*** Opening Data ***

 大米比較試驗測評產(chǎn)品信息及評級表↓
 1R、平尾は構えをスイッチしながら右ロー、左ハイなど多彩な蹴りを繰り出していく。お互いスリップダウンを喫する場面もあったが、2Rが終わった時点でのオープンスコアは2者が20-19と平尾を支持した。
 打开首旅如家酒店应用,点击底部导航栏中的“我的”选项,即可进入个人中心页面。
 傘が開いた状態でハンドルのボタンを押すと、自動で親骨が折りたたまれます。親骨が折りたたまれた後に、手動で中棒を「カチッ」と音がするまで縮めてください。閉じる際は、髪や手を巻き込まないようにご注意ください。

*** Closing Data ***
*** Opening Data ***

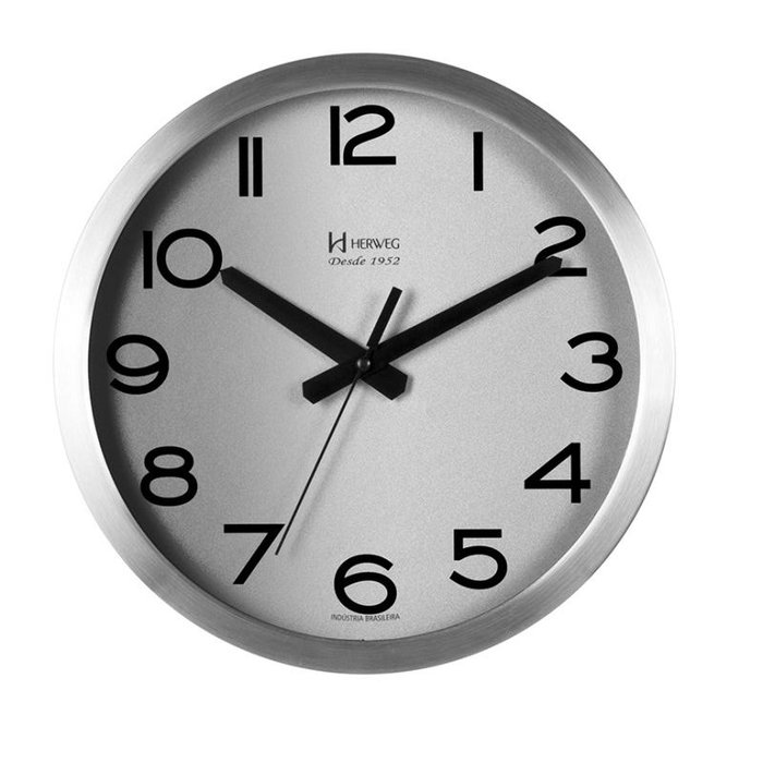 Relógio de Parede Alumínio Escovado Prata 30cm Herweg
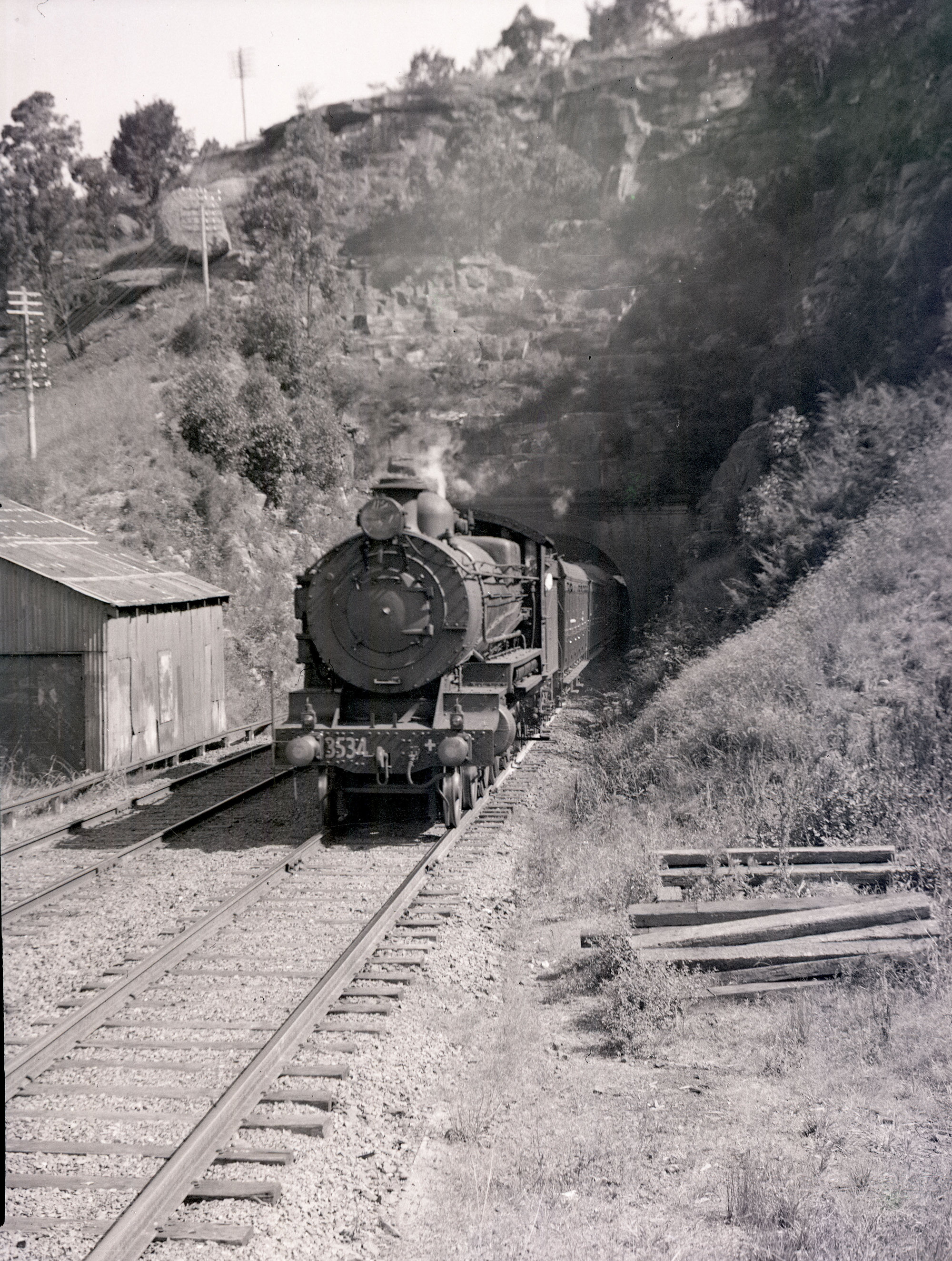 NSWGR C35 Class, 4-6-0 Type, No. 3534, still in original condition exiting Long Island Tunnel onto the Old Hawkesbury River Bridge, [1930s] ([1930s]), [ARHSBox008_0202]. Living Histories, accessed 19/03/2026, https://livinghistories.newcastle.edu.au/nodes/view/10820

*** Closing Data ***
*** Opening Data ***

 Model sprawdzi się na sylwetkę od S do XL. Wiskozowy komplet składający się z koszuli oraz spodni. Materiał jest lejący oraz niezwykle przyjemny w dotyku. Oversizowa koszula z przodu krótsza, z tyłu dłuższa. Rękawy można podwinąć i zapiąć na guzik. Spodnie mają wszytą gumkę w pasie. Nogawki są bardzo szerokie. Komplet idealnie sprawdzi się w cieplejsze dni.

*** Closing Data ***

_About this task_:
Starting at the line above that holds "1R、平尾は構えをスイッチし" and ending at the line that holds "傘が開いた状態でハンドルのボ", transcribe each line exactly and include no other lines.

_The completed task_:
 1R、平尾は構えをスイッチしながら右ロー、左ハイなど多彩な蹴りを繰り出していく。お互いスリップダウンを喫する場面もあったが、2Rが終わった時点でのオープンスコアは2者が20-19と平尾を支持した。
 打开首旅如家酒店应用,点击底部导航栏中的“我的”选项,即可进入个人中心页面。
 傘が開いた状態でハンドルのボタンを押すと、自動で親骨が折りたたまれます。親骨が折りたたまれた後に、手動で中棒を「カチッ」と音がするまで縮めてください。閉じる際は、髪や手を巻き込まないようにご注意ください。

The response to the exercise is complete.